Q-Rich he went to DePaul


----------



## Dissonance (Jul 21, 2004)

JJ is. He's a career 43% shooter. Q shoots 40%.


----------



## Weasel (Oct 18, 2003)

Q has a nice shot when he is on fire but he is either hot or cold. Definetly I would go with JJ on this one.


----------



## darkballa (Sep 19, 2003)

JJ definitley.


----------



## kamego (Dec 29, 2003)

Weasel said:


> Q has a nice shot when he is on fire but he is either hot or cold. Definetly I would go with JJ on this one.


Thats what happens when Q shoots a million 3 pointers lol


----------



## tempe85 (Jan 7, 2005)

Oh man this is a tough one... ooohh gosh... Hmm.. How about I'll go with the guy who had one of the highest 3P% of all time in one season? 

(For those who don't know that would be JJ)


----------



## PhatDaddy3100 (Jun 16, 2002)

Jj.


----------



## ShuHanGuanYu (Feb 3, 2005)

Arising out of viewership of Joe Johnson and Quentin Richardson and judging with estimation from the statistical examination I infer that the trajectory through which such counterparts of athletes operates from queue to echelon is fielded only in an abashment of certitude when comprised of conglomeration of miscellany.

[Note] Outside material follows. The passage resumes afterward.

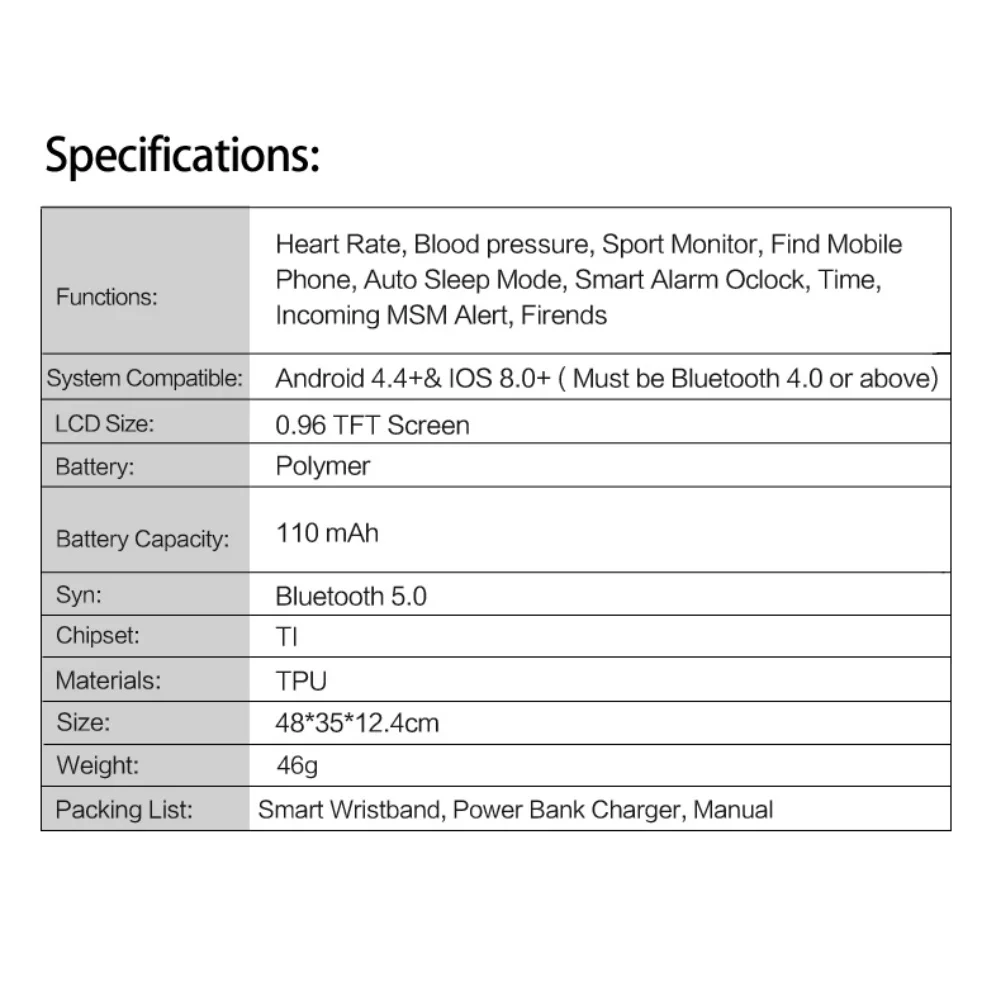 4. Высокая производительность: цветной TFT экран 0,96 дюйма, разрешение 80*160, Совместимость с версией Bluetooth 5,0, подходит для Android 7,0 и IOS 12.

That makes about as much sense as this thread.


----------



## Carbo04 (Apr 15, 2005)

Q. Rich.


----------



## THE MATRIX 31 (Jul 22, 2005)

honestly people, how could anyone say Q-Rich?????? The dude cant shoot a 15 footer to save his life!!!


----------



## Quills (Jun 18, 2005)

YEAAAAA We got another John Starks this Time with No Handles or Defence YEAAAAAAA


----------



## LamarButler (Apr 16, 2005)

JJ is more reliable but Q-Rich is deadly when hes on fire.


----------



## Tiz (May 9, 2005)

JJ, no question.


----------



## Quills (Jun 18, 2005)

So Pretty much Q sucks huh ???


----------



## phxsunshine (Jul 26, 2005)

jj & yeah he does suck a lil' bit! lol


----------



## FanOfAll8472 (Jun 28, 2003)

QRich is better when he's on fire, but I'll take JJ - more consistent, has a mid-range game.


----------



## bigbabyjesus (Mar 1, 2003)

J.J shoots at a more efficient clip. Q-Rich made so many threes because he shoots so many; he's a chucker.


----------



## vancouvergrizzlies (Aug 9, 2005)

JJ 100%. There is no question there. If you want a guy to make 4 3's in a row and then miss 12 in a row than Q-Rich is your man. As far as basketball talent goes, it's JJ.


----------